Pursuant to the Underwriting Agreement, the Company granted the Underwriters a 45-day option to purchase up to an additional 652,950 Shares and/or 1,305,900 Warrants. Joseph Gunnar & Co., LLC is acting as sole book-running manager for the offering and The Benchmark Company, LLC is acting as co-manager for the offering.

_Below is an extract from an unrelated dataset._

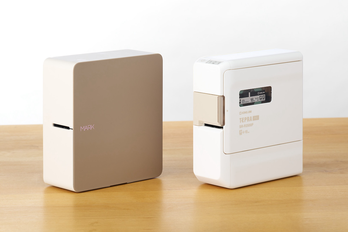 “MARK” は同時にリリースされた専用アプリ「Hello」のテンプレートの充実ぶりと、そのテンプレートのデザインを繊細に表現できる高精細ヘッド、プロダクトデザイナー・柴田文江氏が監修したインテリア性の高いデザインなど、実用一辺倒だったテプラのイメージをいい意味で裏切ったモデルである。

The Underwriting Agreement contains customary representations, warranties and agreements by the Company, customary conditions to closing, indemnification obligations of the Company and the Underwriters, including for liabilities under the Securities Act of 1933, as amended, other obligations of the parties and termination provisions. In addition, pursuant to the terms of the Underwriting Agreement and related “lock-up” agreements, the Company, each director and executive officer of the Company, and certain stockholders have agreed, subject to customary exceptions, not to sell, transfer or otherwise dispose of securities of the Company, without the prior written consent of Joseph Gunnar & Co., LLC, during the period ending 180 days after the date of the Underwriting Agreement for our directors and officers and 90 days or 270 days after the date of the Underwriting Agreement for certain stockholders, subject to extensions in certain circumstances.

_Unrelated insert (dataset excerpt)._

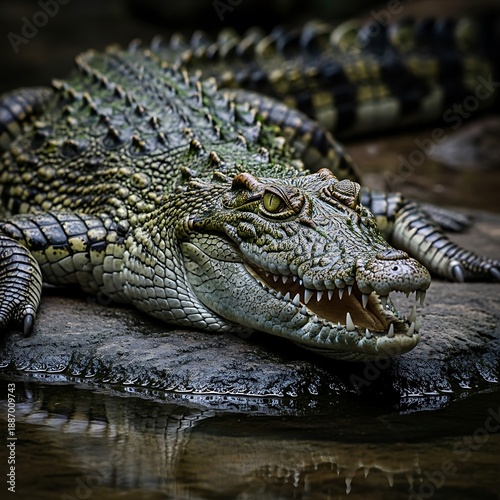 © Madep, Obraz premium Reptilian predator rests near dark water with mouth slightly open revealing sharp teeth

The Offering is expected to close on February 16, 2018, subject to the satisfaction of customary closing conditions.


The Company expects to receive approximately $15.6 million in net proceeds from the Offering after deducting the underwriting discount and other estimated offering expenses payable by the Company (or, if the over-allotment option is exercised in full, approximately $18.1 million). The Company expects to use the net proceeds of the Offering to repay certain of its outstanding debt, for deployment of charging stations, and for working capital and general corporate purposes.


The Warrants will be issued pursuant to a warrant agency agreement to be entered into by and between the Company and Worldwide Stock Transfer, LLC, as warrant agent.

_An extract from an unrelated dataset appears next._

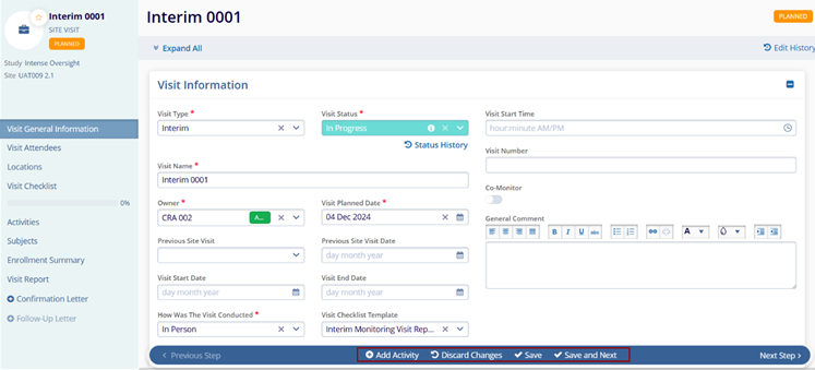 - Click on the Save and Next button to save the changes on the current activity and move on to the other activity.

The Securities and Exchange Commission declared effective a registration statement on Form S-1 (File No. 333-214461) relating to the Shares and Warrants on February 13, 2018.


The Underwriting Agreement is included as an exhibit to this Current Report on Form 8-K to provide investors and security holders with information regarding its terms. The representations, warranties and covenants contained in the Underwriting Agreement were made only for purposes of such agreements and as of specific dates, were solely for the benefit of the parties to such agreements, and may be subject to limitations agreed upon by the contracting parties.


The foregoing description of the Underwriting Agreement and the Warrants does not purport to be complete and is qualified in its entirety by reference to the full text of the Underwriting Agreement and form of Warrant Agency Agreement, which are filed as Exhibit 1.1 and 4.1 hereto, respectively, and are incorporated herein by reference.


Item 8.01 Other Events.


On February13, 2018, the Company issued a press release announcing the pricing of the Offering. A copy of the press release is attached as Exhibit 99.1 hereto.


Item 9.01. Exhibits


(d) Exhibits


Exhibit No.   Exhibit
1.1   Underwriting Agreement dated February 13, 2018 by and among Blink Charging Co. and Joseph Gunnar & Co., LLC as representative of the several underwriters named therein.
4.1   Form of Warrant Agency Agreement by and between Blink Charging Co. and Worldwide Stock Transfer, LLC and Form of Warrant Certificate for Registered Offering.
99.1   Press Release dated February 13, 2018.







Pursuant to the requirements of the Securities Exchange Act of 1934, the registrant has duly caused this report to be signed on its behalf by the undersigned hereunto duly authorized.